Exercise details: Wherever a picture appears in the data below, omit it, and restate everything else word for word.

Provided material:
- Opening Delimiter -

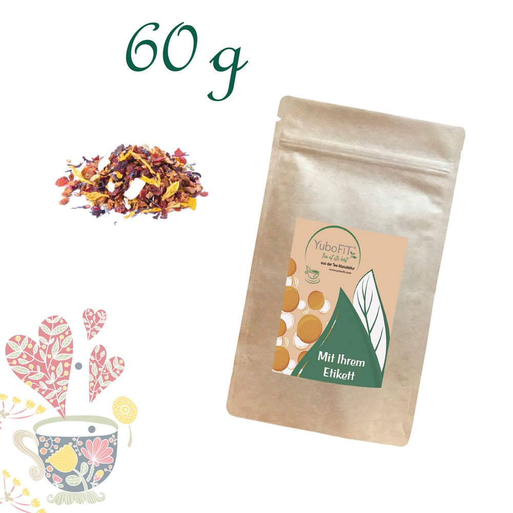 Apfelstücke (50%), Hagebuttenschalen, Hibiskusblüten, Kokosnusschips, Aroma, Sonnenblumenblüten, Kornblumenblüten.
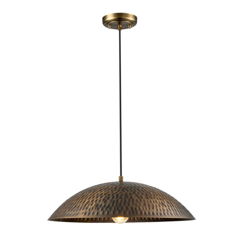 471020 - Johnnell 1-Light 19.69-in Industrial Antique Brass Dome Pendant Light
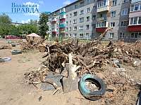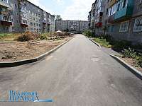 Заасфальтированный двор на ул.Дружбы, 5Выкорчеванные пни будут убраны управляющей компанией
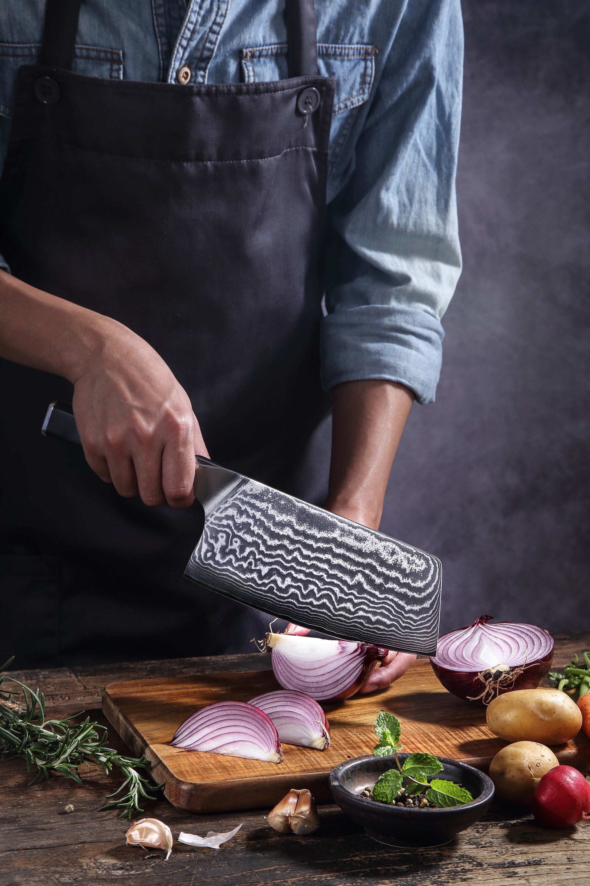 PERMIUM MATERIAL - 7 inch Professional Chopping Cleaver Knife Made of 67 layers permium damascus steel that has wonderful hardness can handle most kitchen tasks, such as cutting, slicing, dicing, and mincing.

- Closing Delimiter -

Solution for this task:
 Apfelstücke (50%), Hagebuttenschalen, Hibiskusblüten, Kokosnusschips, Aroma, Sonnenblumenblüten, Kornblumenblüten.
 471020 - Johnnell 1-Light 19.69-in Industrial Antique Brass Dome Pendant Light
 Заасфальтированный двор на ул.Дружбы, 5Выкорчеванные пни будут убраны управляющей компанией
 PERMIUM MATERIAL - 7 inch Professional Chopping Cleaver Knife Made of 67 layers permium damascus steel that has wonderful hardness can handle most kitchen tasks, such as cutting, slicing, dicing, and mincing.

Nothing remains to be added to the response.